Like I said, you have ten seconds before the kid is in charge. It therefore does not matter -- at all -- that you have caught her in a calm, apparently receptive mood. *And she is so super-sensitive to perceived infractions, she may even take offense at the sugar coating itself (thinking you are talking down to her).* The statements and actions that will trigger a release of her anger consist of anything that she interprets as posing a threat to her two great fears: abandonment and engulfment (from intimacy). Because you never know what trivial thing will trigger one fear or the other, you are always walking on eggshells. 

Quote:
She seems to see things as right or wrong with no ability to give leeway or explain away a mistake. 

That is called "black-white thinking" (aka, "all-or-nothing thinking"). It will show up as her claiming you "never" or "always" do such and such. It also is evident in the way she categorizes everyone as "all good" or "all bad." 

Wow, I have wondered if my husband has Bordeline Personality Disorder.
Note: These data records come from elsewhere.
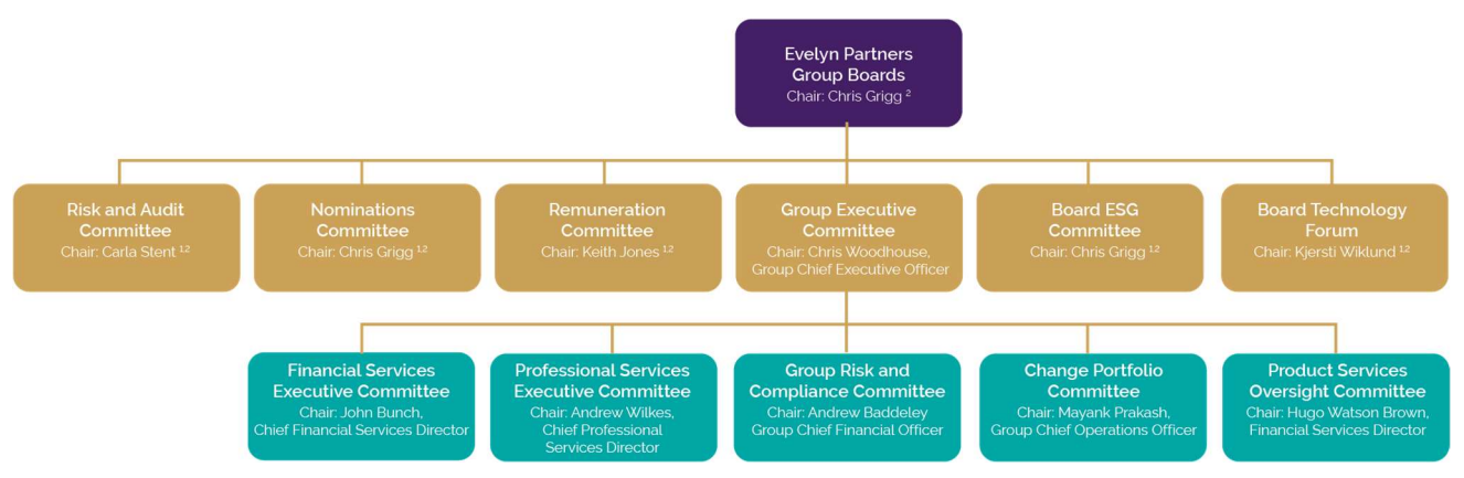
Figure 3 The governance structure encompassing the Board, its principal Board Committees and sub-Committees.

The role and responsibilities of the Board and Board Committees, including sub-Committees, are set out in formal Terms of Reference to ensure there are clear lines of accountability and responsibility to support effective decision-making across the organisation. These are reviewed at least annually as part of the review of the corporate governance framework.
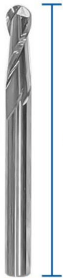
1/4" Ball Nose Endmill
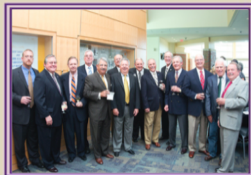
'60s Brothers at the Award Presentation
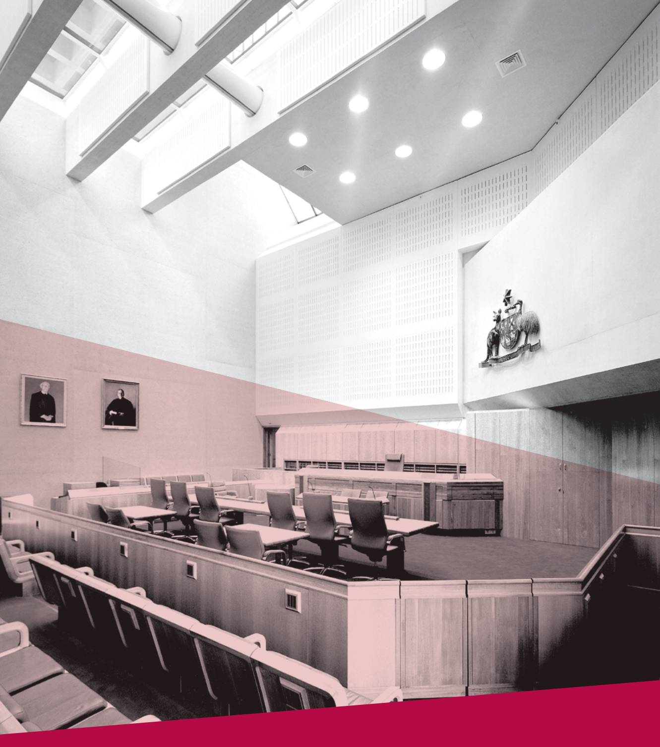
PART 2 CHIEF JUSTICE'S OVERVIEW
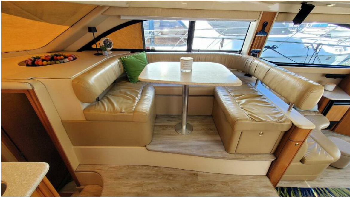
Galley and Dinette Starboard
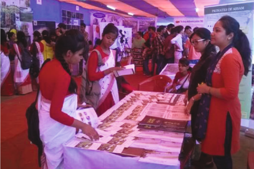
National Science Day Fair, 28 th - 29 th February, 2016
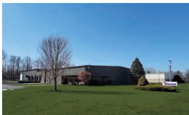
Brianza USA Corporation - Elkhart (Indiana), USA - Commercial site.
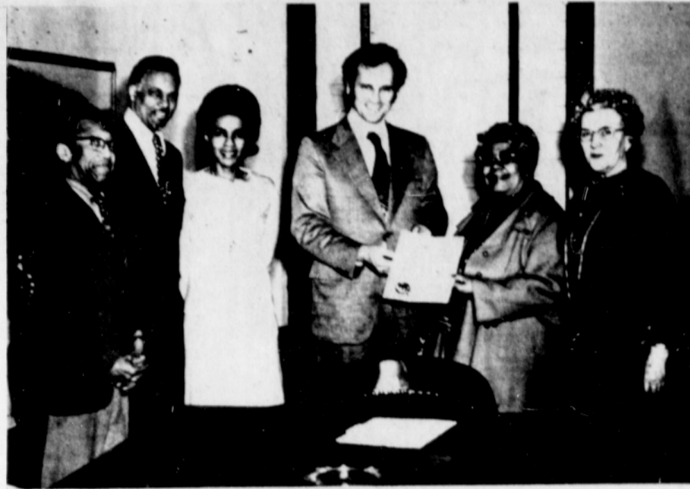
Mayor Neil Goldschmidt recently proclaimed the week of February 10-17, 1974 as NAACP Birthday Week, in commemoration of the 65th anniversary of their founding.
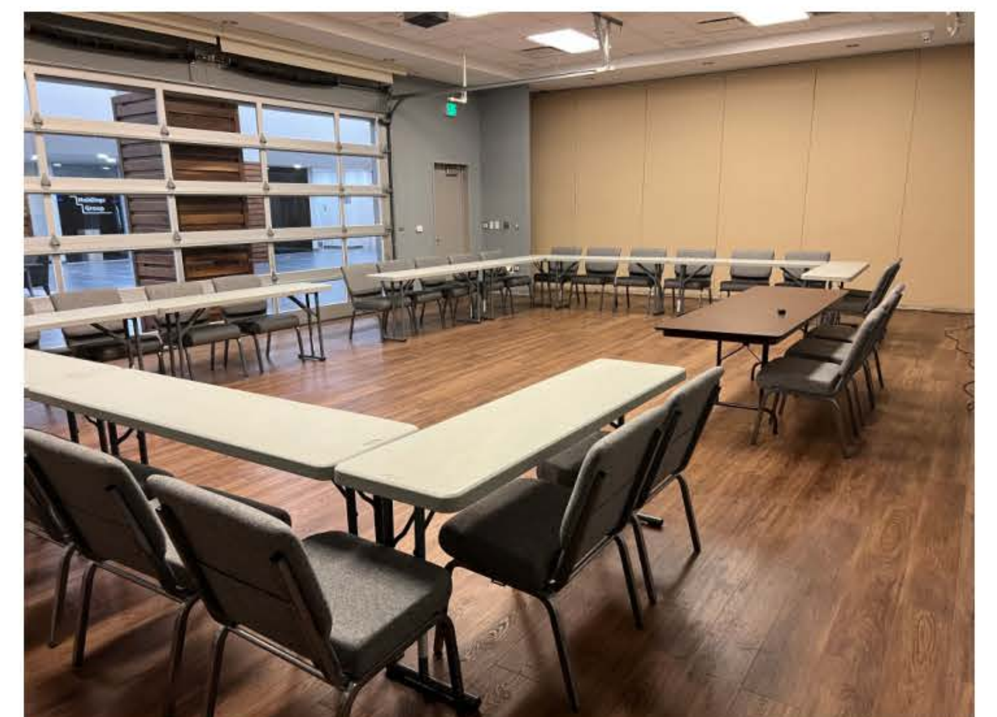
Atrium Conference Room: 30 Person Setup
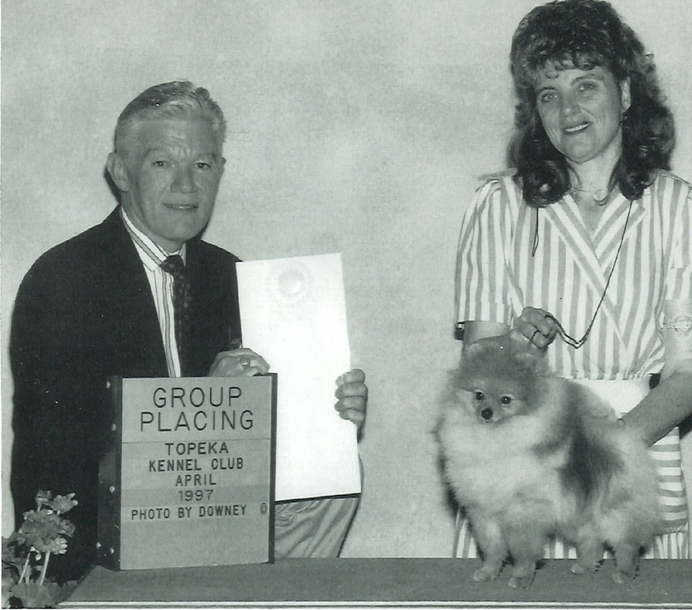
(Ch. Ozark's Mighty Mite x Ch. Westwood's Amazing Grace)
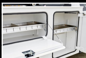
Pass Thru Compartment Shown Between Front and Middle Boxes
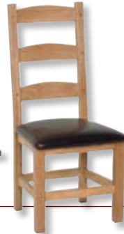
NH11 Dining Chair H 1040mm (41"); W 440mm (17¼"); D 610mm (24")
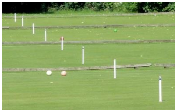
8 lawns at Nottingham make for military regimentation in lawn settings.

We report on the World Women’s Association Croquet championships at Nottingham.
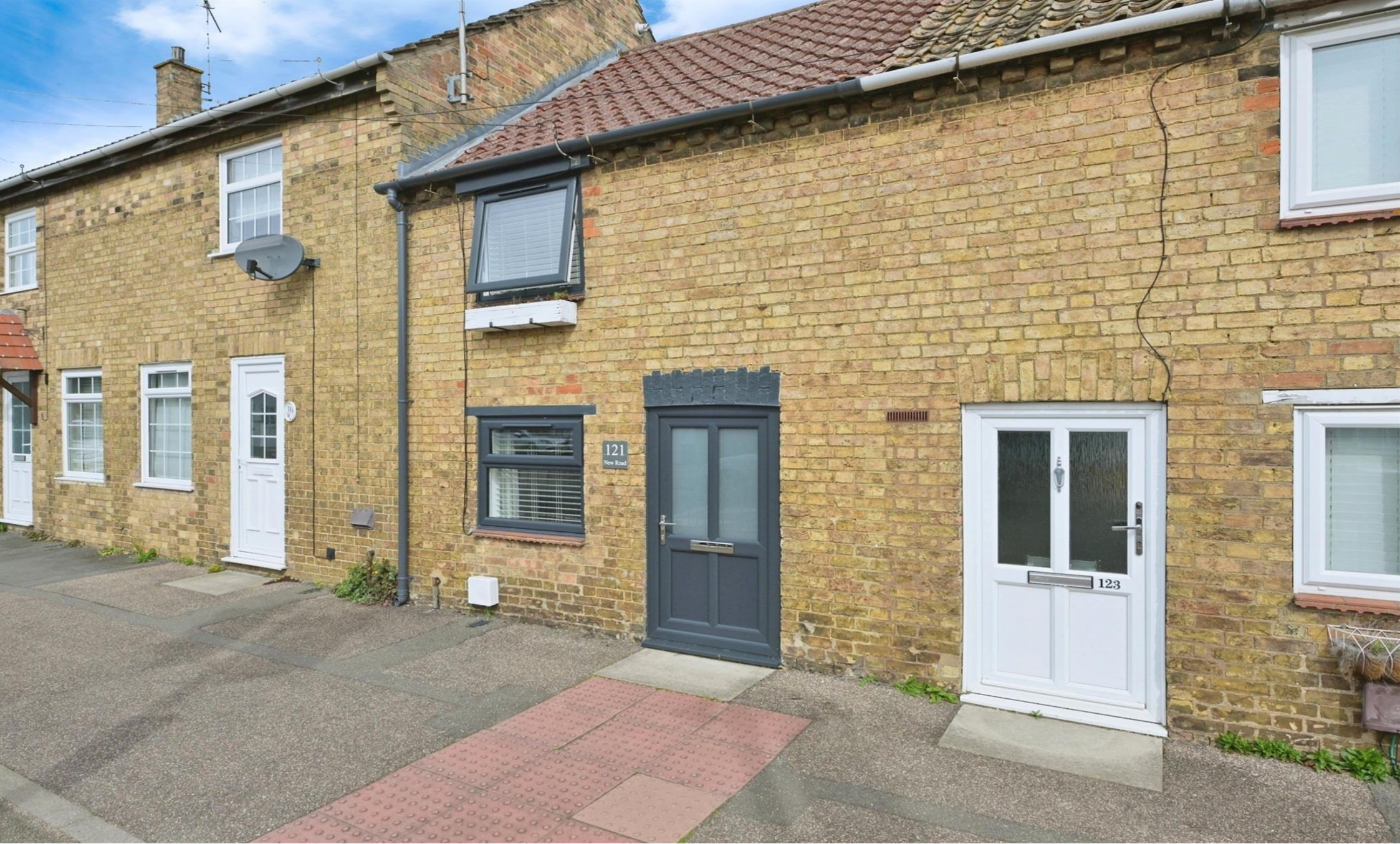
New Road, CHATTERIS PE16 6BU
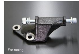
L6 through-type alternator bracket *This is a bolt loosening prevention item for tuning cars. Chromoly reinforced bolts (M10 x 130) included *Installation... Alternator hole enlargement required Price: ¥7,100
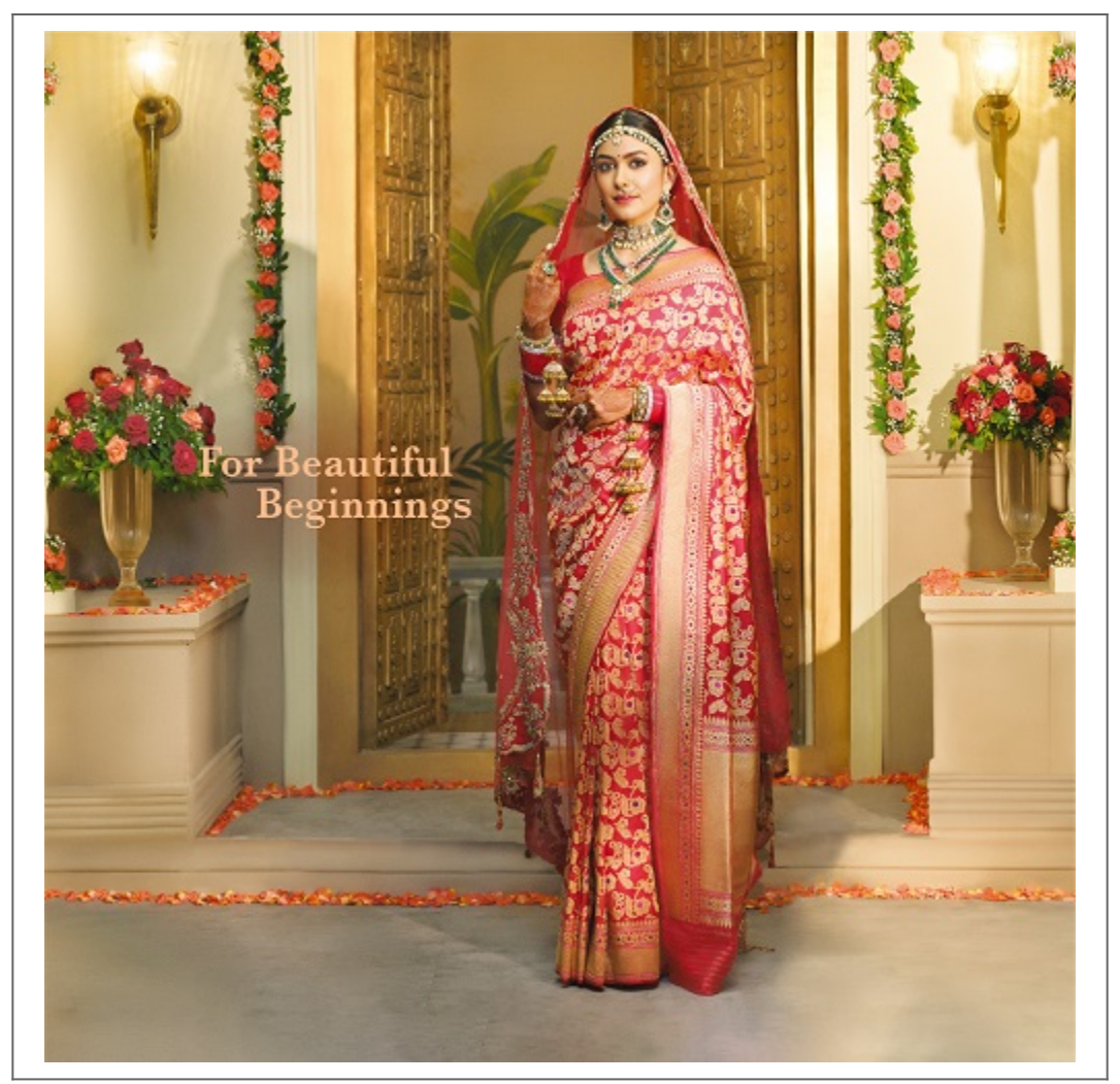
For Beautiful Beginnings by Taneira

Through the campaign, Taneira pays homage to the profound wave of emotions that unites brides regardless of region or tradition while highlighting the unique nuances that define their journeys. In this moment, the bride is not just draped in a saree- she is enveloped in the dreams, memories and hopes of everyone she holds dear. Across the seven regions captured in Taneira's 'For Beautiful Beginnings' campaign, the bride's saree, though diverse in fabric, drape, and design, becomes a universal companion on her journey of transformation.
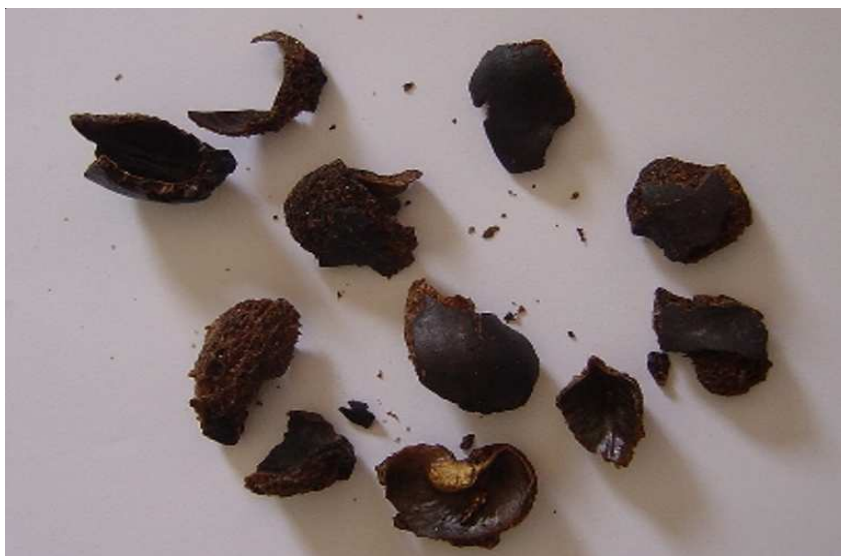
FIGURE 2 – Rinds of cashew nuts after burning on LCC: non-uniform pieces

and CNSL is destined for exportation (SANTOS et al. 2007). The rinds of cashew nut (wastes of nuts' production) are burned again during the heating process (Fig. 2), and in boilers, they'll generate heat for shelling other nuts. The ARCN is the waste collected from the boiler grid, resulted from burning of the rind of nuts. This waste is used as composts in plantings of cashew and a little part of it is dumped in landfill sites (LIMA, 2008).
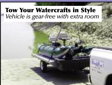
Tow Your Watercrafts in Style Vehicle is gear-free with extra room
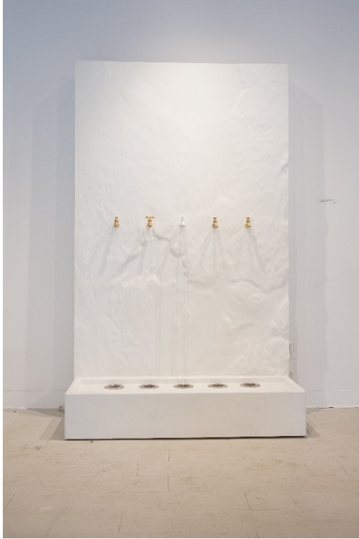
Fig. 5. Final version in operation at the Toronto Media Arts Centre.
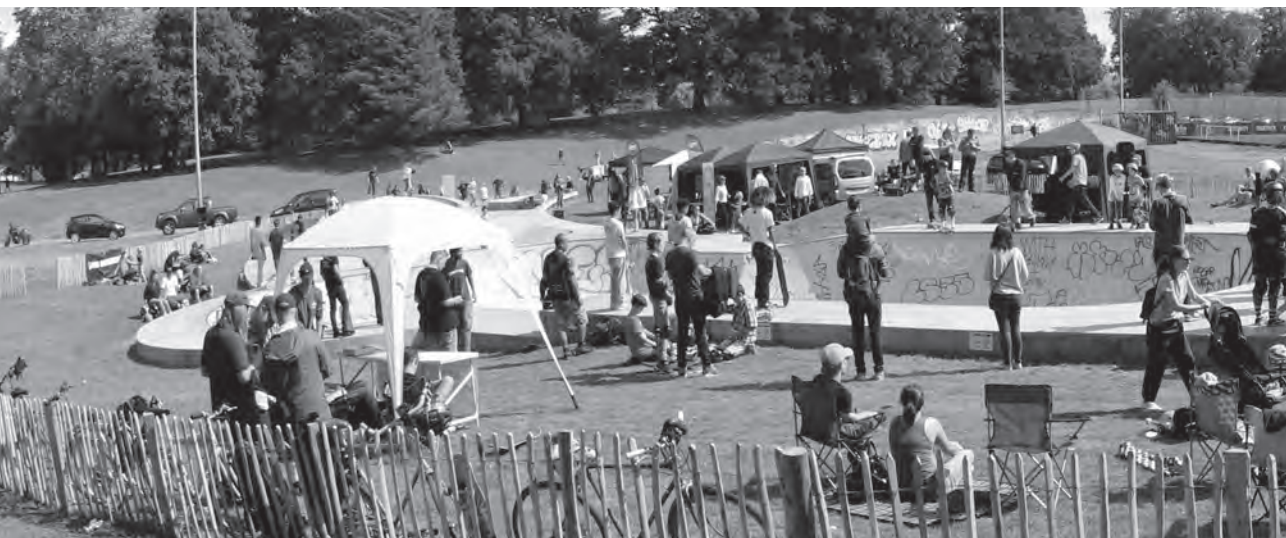
Summer Jam, August 2018.

Crystal Palace skatepark incorporates a tile-and-coping pool, a large BMX-friendly bowl, and shallow slopes particularly suitable for younger riders. Excluded are steps, rails and other street features; and myriad roll-ins and overhangs were left out for cost reasons. The park is decidedly oriented towards experienced 'transition' riders, but also accommodates those with different preferences and expertise. In short, design emerged here as an amalgam of desires and compromises.
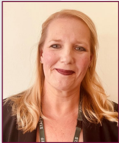
Regional Director (Cambridgeshire Secondaries)
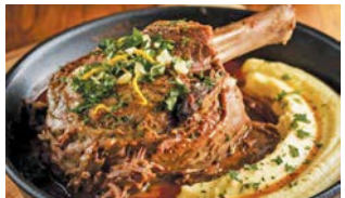
Osso Buco, a Lombardy specialty
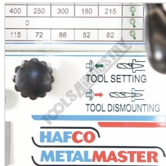
Tool Setting Dismounting

Some of these words could have been written by me.

All day yesterday, he called me and was very caring on the phone. I was pleasant, but did not respond in my usual manner. When he got home, it was like being with a sulking child.


----------



## Homemaker_Numero_Uno (Jan 18, 2011)

C123 said:


> Marriage is unlike anything else in your life. We're groomed from an early age that marriage is "sacred" and that one must do everything one can to make a marriage work. The truth is, times and people have changed. Marriage is not easy. Even great marriages require a ton of hard and cooperative work. That is typically why they are great marriages. Each spouse works hard to make sure the other spouse is getting what they want and need while also making sure they are getting what they want and need. Marriages that don't work are where one spouse takes and takes and takes and the other spouse gives and gives and gives until the taker resents the giver for not having a spine and the giver resents the taker for being so selfish.
> 
> You need to stop giving. You should gather all of the resolve you can muster and when you're ready, you just.stop.giving. He's taken enough. He either starts giving back...and I mean REALLY giving back or you're out of there. Forget what your grandmother said about a wife pleases her husband because that's her job. That's not the world we live in anymore.
> 
> ...


I agree with all this.
It's not just the giving either, it's avoidance of conflicts. Conflicts are going to happen naturally in a marriage, when two people keep their own seats(centers) as they should as individuals, there is going to be tension. The tension is normal, like a rubber band it pulls together and pulls apart as the weights of your desires and your need to give and take fluctuates. If you don't exercise this tension, the elastic will dry out and when it's pulled too far in the opposite direction, it will snap. If you're not used to conflict, it's really difficult to recover from this situation...if there's been a habit of not advocating strongly for your needs, the other party can become lazy, or even become afraid, lost and insecure, because he/she isn't feeling that pull back in your direction that he should...so he/she has become untethered, and created tension both between you and him (your H) and him and her (the OW). People need to feel something of others in their life...he wasn't feeling the natural tension of a relationship, there was a void, and he filled it. I do think you should engage in some a**-kicking, but if you want him to hang around in your marriage, put on a slipper first. But do a**-kick. And don't overextend yourself to please him, be firm, be reasonable, look out for yourself. Go ahead and love him if you want, decide how much of a fool you're willing to be, a bit of fool is not a weakness, it's a demonstration of a love you can be proud of, to a point. Being a bit of a fool is an art form. Sometimes it's necessary. Like when you went and introduced yourself to that woman. I find that admirable. You are willing to put yourself on the spot to protect your marriage to someone you feel close to. You sent a clear signal that he is worth going out on a limb for. No matter what happens, you stood up for something you want, with someone you have a legitimate claim to. That's not being a fool, that's claiming what's yours, and in public too. It was necessary. Just do what you think is necessary, and you will be okay. Don't worry about being a fool, don't second guess yourself, don't be over-reactive, but don't under-react either. It's your marriage, you can certainly do what it takes to keep it if that's your choice. It takes time to influence another person, but if your heart is in it, you can persist and know you did your best. If it's ever time to quit, you'll know that too. But don't worry about that right now. Just do what you find reasonable.


----------



## turnera (Jan 22, 2010)

> He sulked.


That's because he played his 'role' and you didn't fall in line behind him (i.e. forgive him) like you are supposed to.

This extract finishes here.